National Coming Out Day

Add Comment

Today, October 11th, is National Coming Out Day. The day was "founded" by Robert Eichberg and Jean O'Leary twenty one years ago in 1988 in celebration of the first gay march on Washington D. C. Dr. Eichberg, now deceased, was a prominent research psychologist who studied the effects of coming out, and not coming out, and wrote the book Coming Out: an Act of Love. Jean O'Leary was a gay rights activist and former nun who helped create the gay rights movement. O'Leary, among other accomplishments, was the first openly lesbian delegate to a national political convention. She attended the Democratic convention in 1976, and served on the Democratic National Committee for twelve years, including eight years of service on the Executive Committee.

In broad terms, "coming out" means not only personally accepting your sexual orientation but it also disclosing it to friends and family. The idea behind coming out, historically, was to acknowledge same-sex sexual orientation as a way of making a statement about non-heterosexual orientations as a state of being that is neither good nor bad in and of itself. In plain language, "coming out" is about putting a face, a known, familiar, personal face, to the word "gay," or "lesbian" or "bisexual" or . . . wherever one is on the entire QLTBG spectra that S.F. writer Nicola Griffith refers to as the "quilt bag."

There are all sorts of Guides and "how tos" about coming out. There's even an helpful but humorous (it's very tongue-in-cheek) etiquette guide for heterosexuals about how to respond to a friend or loved one coming out—A Straight Person's Guide to Gay Etiquette.
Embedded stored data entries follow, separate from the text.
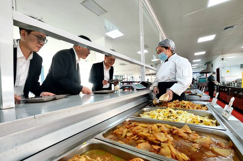 针对深秋“燥邪当令、脾胃易虚”的特点,后勤服务办公室联合食堂团队调整餐饮方案,推出“深秋养生系列菜品”。在全天免费供应小米粥的基础上,早餐增加八宝粥温热粥品及馄饨、水饺等花样美食;午餐推出萝卜炖牛腩、清炒山药等温补菜品,同时保留凉皮、凉拌藕片等清爽素菜,做到“温而不燥、补而不腻”;晚餐则以清淡易消化为主,提供冬瓜丸子、蔬菜豆腐等,兼顾职工不同口味需求。食堂还在取餐区设置了“健康小贴士”展板,标注每道菜品的营养功效,引导职工科学饮食。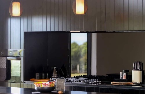 Set on 1.5 acres of secluded landscape, the South Wing features a cozy bedroom with a Japanese-style queen bed for a unique stay. Our South room has a modern allocated bathroom right next door. The luxurious shared space offers guests shared access to a fully equipped kitchen, Luxuruous open plan Lounge, Barrel spa, Ice bath as well as Laundry, home barista coffee machine & quality books. Take a breath & enjoy a barrel spa & outdoor shower while submitting to the display of nature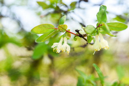 Lonicera caerulea flowers, close up shot local focus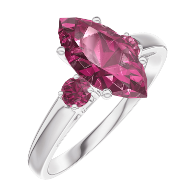 « L'ATELIER » Nº 168344Bague Or blanc 9 carats - Rubis Marquise 1 carat - Pierres de côté Rubis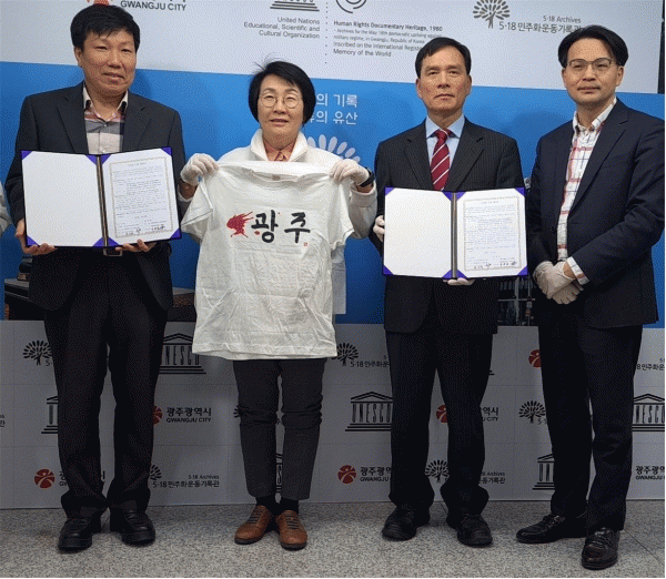 [¹Ìµð¾îÀü³² Á¦°¥´ëÁ¾ ±âÀÚ] 5¡¤18¹ÎÁÖȿ±â·Ï°üÀº 5¡¤18 ´ç½Ã ¹Ì±¹¿¡¼ ±¤ÁÖÇ×Àï ¼Ò½ÄÀ» µè°í À̸¦ ÁöÁöÇϰí Çлì±Ôź ½ÃÀ§¸¦ ÇÏ´ø Àç¹ÌÀ¯ÇлýµéÀÌ ÀÔÀº ¡®±¤ÁÖ Æ¼¼ÅÃ÷¡¯¸¦ ±âÁõ¹Þ¾Ò´Ù°í 27ÀÏ ¹àÇû´Ù. 1980³â 5¿ù ¸» °¢Á¾ ¿Ü½ÅÀ» Å롦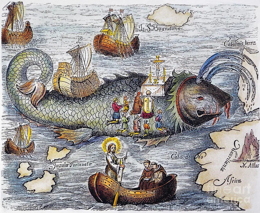 St Brendan performing Mass on the back of a sea monster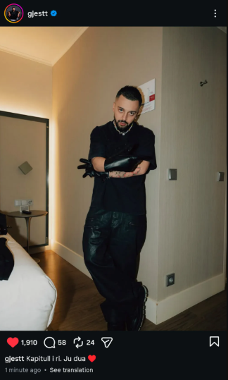 Në mes të këtij suksesi, Gjesti ka publikuar një foto të re në Instagram, ku shfaqet me një stil të veçantë (me dorashka lëkure dhe veshje të zezë). Por ajo që ka marrë më shumë vëmendje është mbishkrimi i fotos: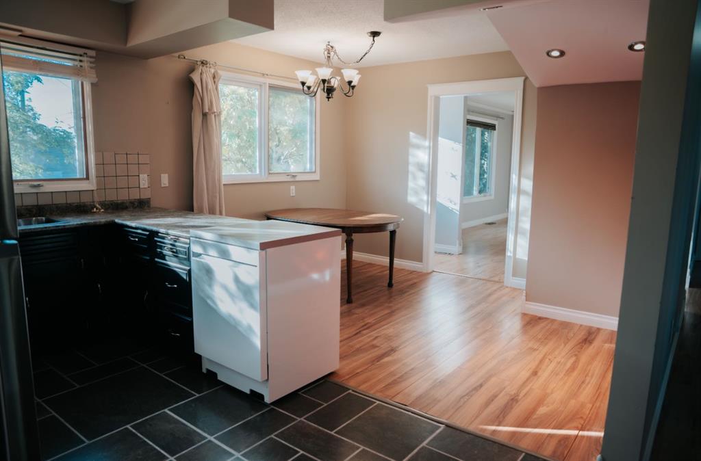 Situated on a generous 8,400 sq ft lot, this charming home offers the perfect blend of functionality, comfort, and location. As you arrive, you’ll appreciate the spacious driveway—ideal for multiple vehicles or storing your holiday trailer. A side gate provides access to the backyard and everyday entry into the home. Step inside through the back porch, a great space for coats and boots, leading into the bright kitchen and dining area. The inviting living room features a large front window that fills the space with natural light and provides a warm, welcoming feel. The main floor hosts a primary bedroom and a second bedroom, both with cozy carpet, along with a 4-piece bathroom featuring tiled flooring. Downstairs, you’ll find a fully finished basement offering a large family room—complete with projector setup—perfect for movie nights, games, or a play area for kids. There’s also a den/office, 3-piece bathroom, laundry area, and ample storage. Outside, enjoy evenings around the well-designed firepit area, tend to your garden, or relax on the treated wood deck. The 24x24 heated detached garage provides excellent parking, workspace, or storage for your hobbies. Just a small section of fencing is needed to fully enclose the north side of the yard, making it ideal for kids or pets. Located just blocks from the public elementary school, splash park, and playground, and within walking distance to Main Street, this home offers small-town convenience with a family-friendly feel. Whether you’re searching for your first home or looking to downsize, this property has something for everyone—plus it’s move-in ready! Don’t forget to explore the 3D Virtual Tour and see why this could be your next home!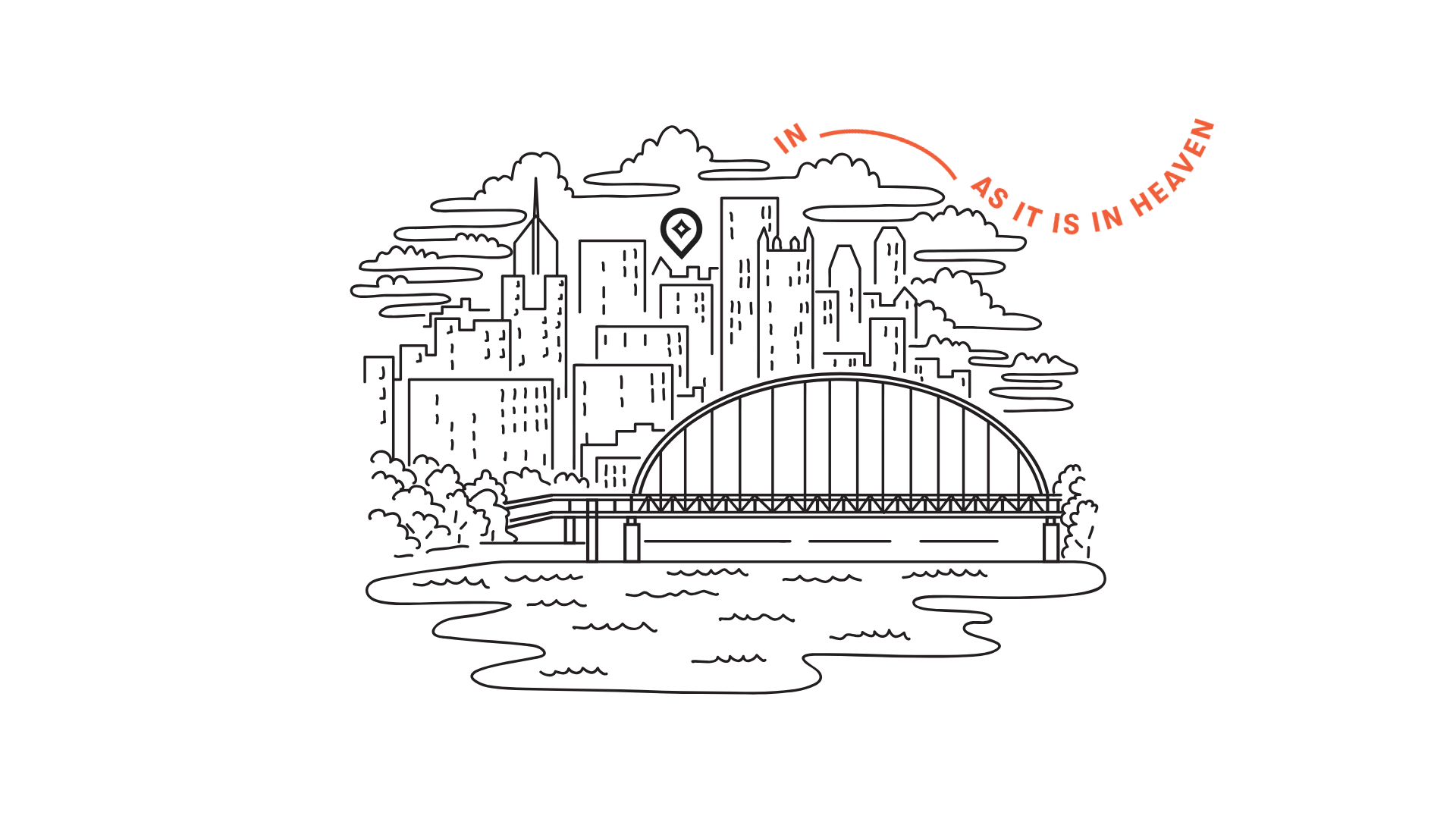 Pittsburgh Cityscape with “In, As It Is In Heaven”
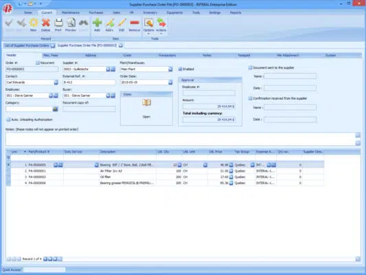 INTERAL Procurement te permite gestionar de forma r谩pida y eficiente las 贸rdenes de compra enviadas a los proveedores. INTERAL Procurement reduce sustancialmente la cantidad de datos introducidos al completar la informaci贸n de la pieza y del proveedor directamente desde sus respectivos archivos.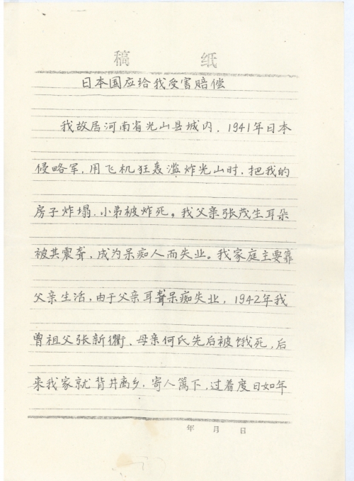 我故居河南省光山县城内,1941年日本侵略军用飞机狂轰滥炸光山时,把我的房子炸塌,小弟被炸死。我父亲张茂生耳朵被其震聋,成为呆痴人而失业。我家庭主要靠父亲生活,由于父亲耳聋呆痴失业,1942年我曾祖父张新衢、母亲何氏先后被饿死,后来我家就背井离乡,寄人篱下,过着度日如年的家破人亡的悲惨生活。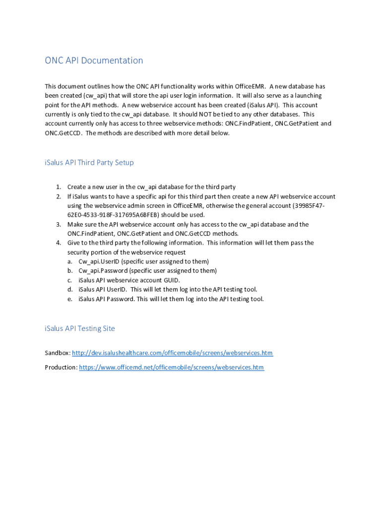 This document outlines how the ON API functionality works within Office EMR. A new database has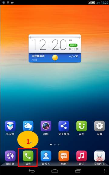 1. 在【待机界面】点击【拨号】图标,如图1-1所示;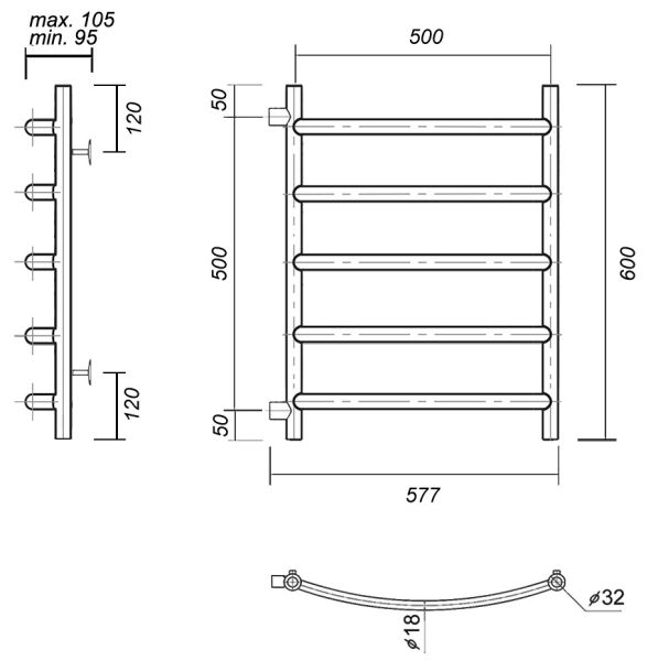 М/о расстояние (межосевое расстояние): 500Количество перекладин: 5Коллекция: КалипсоТип: водяныеЦвет: хромШирина (мм): 577Высота (мм): 600Глубина (мм): 105-95Вес: 4,5Объем: 0,00363Тэн/подключение: боковоеСтрана: РоссияГарантия: 10 лет

It's slightly better, in some ways, now for people "coming out" than it was in the 1980s. But we still have DOMA, the Federal "Defense of Marriage Act" [sic] which "defends" heterosexual marriage (and presumably divorce) by denying marriage as a Federal status to people of the same-sex—even if their union is recognized by the state in which they reside and pay taxes. Obama's recent statement, and the Department of Justice brief both describe DOMA as discriminatory—but as of now, DOMA still stands—and gay and lesbian couples are paying more taxes with fewer benefits than their heterosexual peers. More than twenty years after that first 1988 march, we're still dealing with policies like DADT, policies that remove trained lesbian and gays from active service—and that seem to be specifically targeting lesbian women.